The present study depicted a positive correlation between morphological awareness and reading comprehension of Iranian advanced EFL learners. The research investigated three questions. The first question of the study asked whether there is any significant relationship between morphological awareness and reading comprehension of Iranian advanced EFL learners. Two tests were used to indicate if there is any significant correlation between the two variables. The results showed that there is a positive and significant relationship between the Iranian learners’ reading comprehension and their morphological awareness.
There is now an increasing interest in morphological knowledge as a crucial aspect of vocabulary knowledge, particularly in reading. Since, there are many morphologically complex words in English texts and L1/L2 learners have serious difficulties in comprehending the text, they should be aware of morphological knowledge in order to decode and analyze the words and allocate meaning to smaller parts to achieve meaning of the new words and finally comprehend the texts.
According to Anglin, Miller, and Wakefield (1993), word knowledge makes language production as well as language comprehension possible. Therefore, it plays an essential role in L1/L2 learning. As words are made up of morphemes, the awareness and knowledge to recognize and the ability to manipulate the structure of words which called morphological awareness, contributes vocabulary knowledge. Some researchers have suggested that the use of morphological cues for inferring meaning can be beneficial to L2 learners’ vocabulary building (McBride-Chang et al., 2005; Khodadoust et al., 2013; Varatharajoo, Asmawi, & Abedalaziz, 2014).

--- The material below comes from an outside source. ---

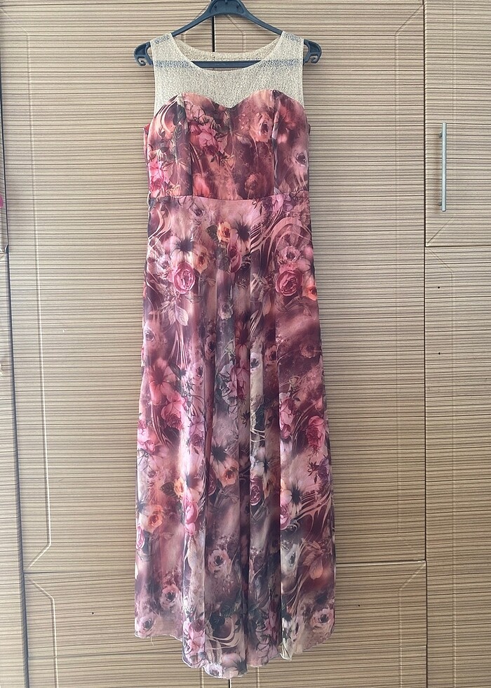 Şifon abiye kloş , ölçüleri fotoğrafda mevcuttur. Şık uçuş uçuş abiye ,kontrol ederken fermuarı bozuldu

Two key aspects of morphological awareness were presented in this study including Morpheme Identification and Morphological Structure Test (i.e. analytic and synthetic aspect) in which the learners should be able to analyze the morphological words into smaller parts and mention their meanings in the first part and construct new compound words by the small parts. McBride-Chang et al. (2005) argued that it could be absolutely imperative to take these two different aspects of morphological knowledge into account because both of them would be significant in fostering vocabulary knowledge. Iranian advanced EFL learners of this study could do the best in both tests of morphological awareness. They could use morphological cues to decode words as well as forming new words. So, morphological awareness can aid vocabulary knowledge and then facilitate comprehension of the texts.